Create an N-dim array of zeros:

>>> from sympy import MutableDenseNDimArray
>>> a = MutableDenseNDimArray.zeros(2, 3, 4)
>>> a
[[[0, 0, 0, 0], [0, 0, 0, 0], [0, 0, 0, 0]], [[0, 0, 0, 0], [0, 0, 0, 0], [0, 0, 0, 0]]]

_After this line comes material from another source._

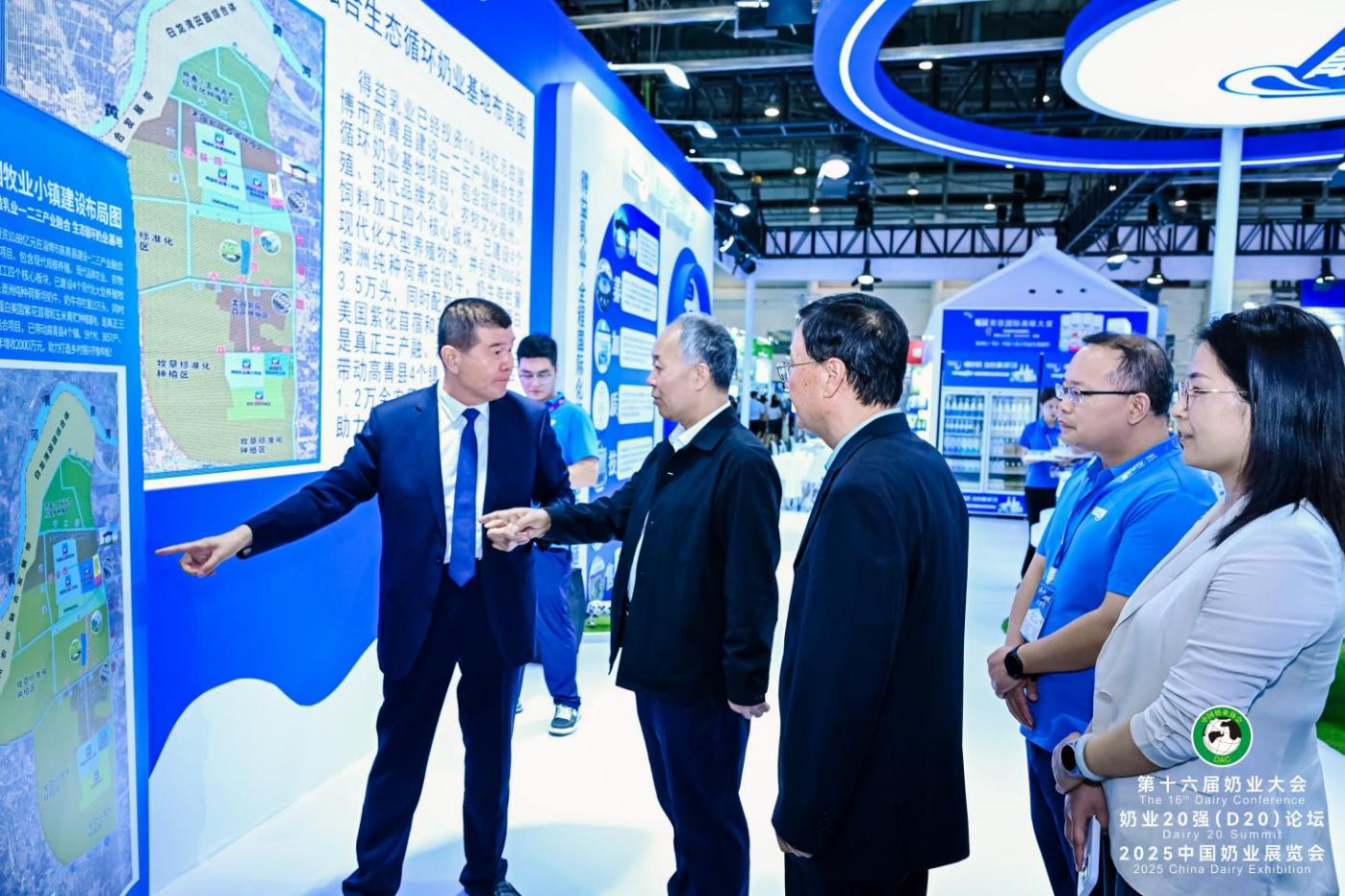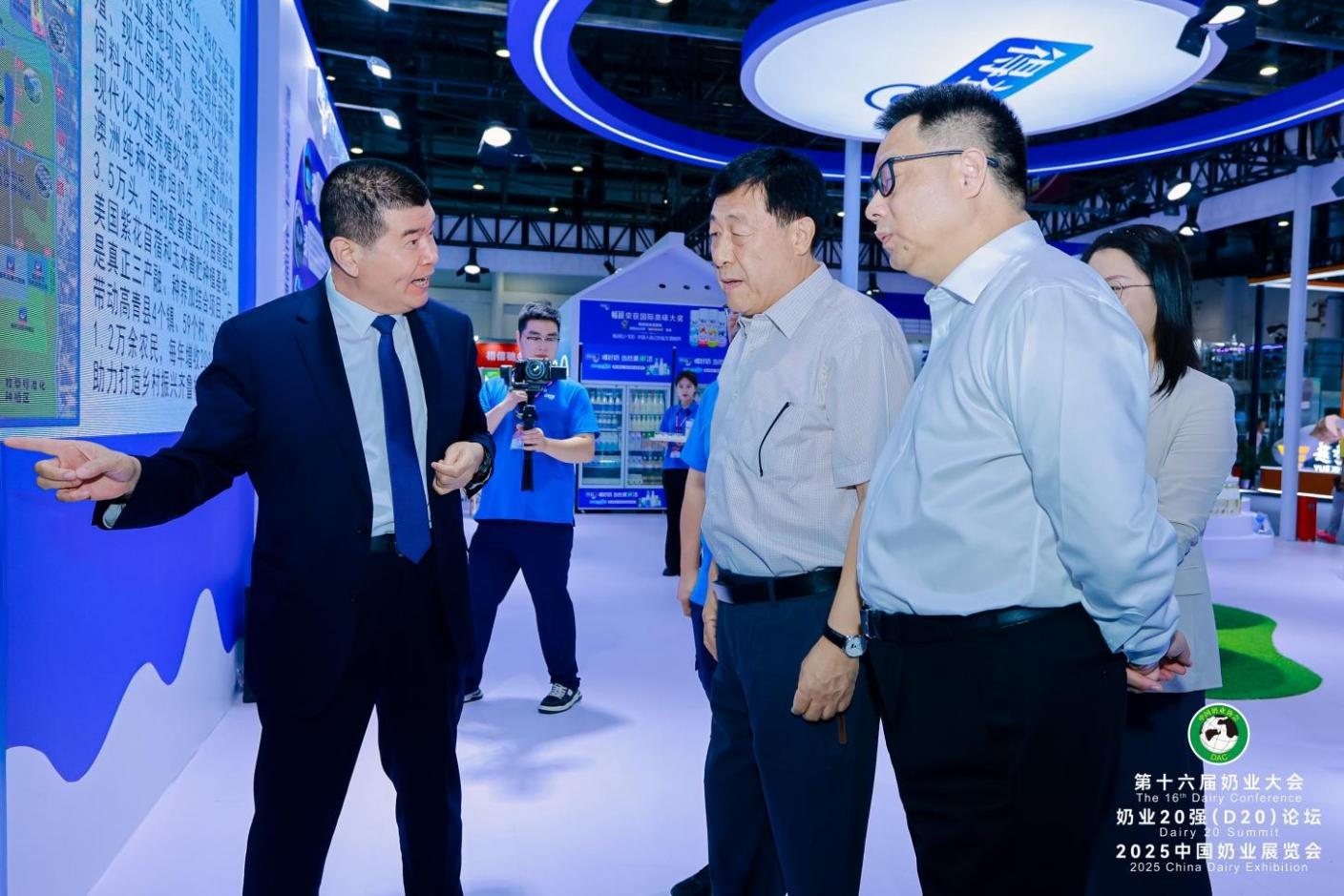 图为:全国政协委员、农业农村部原副部长马有祥(左二)莅临得益乳业展位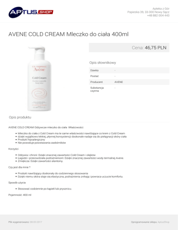 Apteka z Gór Papieska 39, 33-300 Nowy Sącz +48 882 004 443 AVENE COLD CREAM Mleczko do ciała 400ml Cena: 46,75 PLN Opis słownikowy Dawka - Postać - Producent AVENE Substancja czynna - Opis produktu AVENE COLD CREAM Odżywcze mleczko do ciała Właściwości: Mleczko do ciała z Cold Cream ma te same właściwości nawilżające co krem z Cold Cream dzięki wyjątkowo lekkiej, płynnej konsystencji doskonale nadaje się do pielęgnacji skóry ciała Produkt hipoalergiczny Nie powoduje powstawania zaskórników Korzyści Odżywia i chroni: Dzięki znacznej zawartości Cold Cream i olejków Łagodzi i przeciwdziała podrażnieniom: Dzięki znacznej zawartości wody termalnej Avene. Zmiękcza: Dzięki zawartości alantoiny. Czy jest dla mnie ? Produkt nawilżający doskonały do codziennego stosowania Dzięki niemu skóra staje się elastyczna, podrażnienia znikają i powraca uczucie komfortu. Sposób użycia Stosować codziennie po kąpieli lub prysznicu. Pojemność: 400 ml Plik wygenerowano: 08-03-2017 Powered by TCPDF (www.tcpdf.org) Oprogramowanie sklepu: AptusShop

Create an N-dim array from a list;

>>> a = MutableDenseNDimArray([[2, 3], [4, 5]])
>>> a
[[2, 3], [4, 5]]

>>> b = MutableDenseNDimArray([[[1, 2], [3, 4], [5, 6]], [[7, 8], [9, 10], [11, 12]]])
>>> b
[[[1, 2], [3, 4], [5, 6]], [[7, 8], [9, 10], [11, 12]]]

Create an N-dim array from a flat list with dimension shape:

>>> a = MutableDenseNDimArray([1, 2, 3, 4, 5, 6], (2, 3))
>>> a
[[1, 2, 3], [4, 5, 6]]

Create an N-dim array from a matrix:

>>> from sympy import Matrix
>>> a = Matrix([[1,2],[3,4]])
>>> a
Matrix([
[1, 2],
[3, 4]])
>>> b = MutableDenseNDimArray(a)
>>> b
[[1, 2], [3, 4]]

Arithmetic operations on N-dim arrays

>>> a = MutableDenseNDimArray([1, 1, 1, 1], (2, 2))
>>> b = MutableDenseNDimArray([4, 4, 4, 4], (2, 2))
>>> c = a + b
>>> c
[[5, 5], [5, 5]]
>>> a - b
[[-3, -3], [-3, -3]]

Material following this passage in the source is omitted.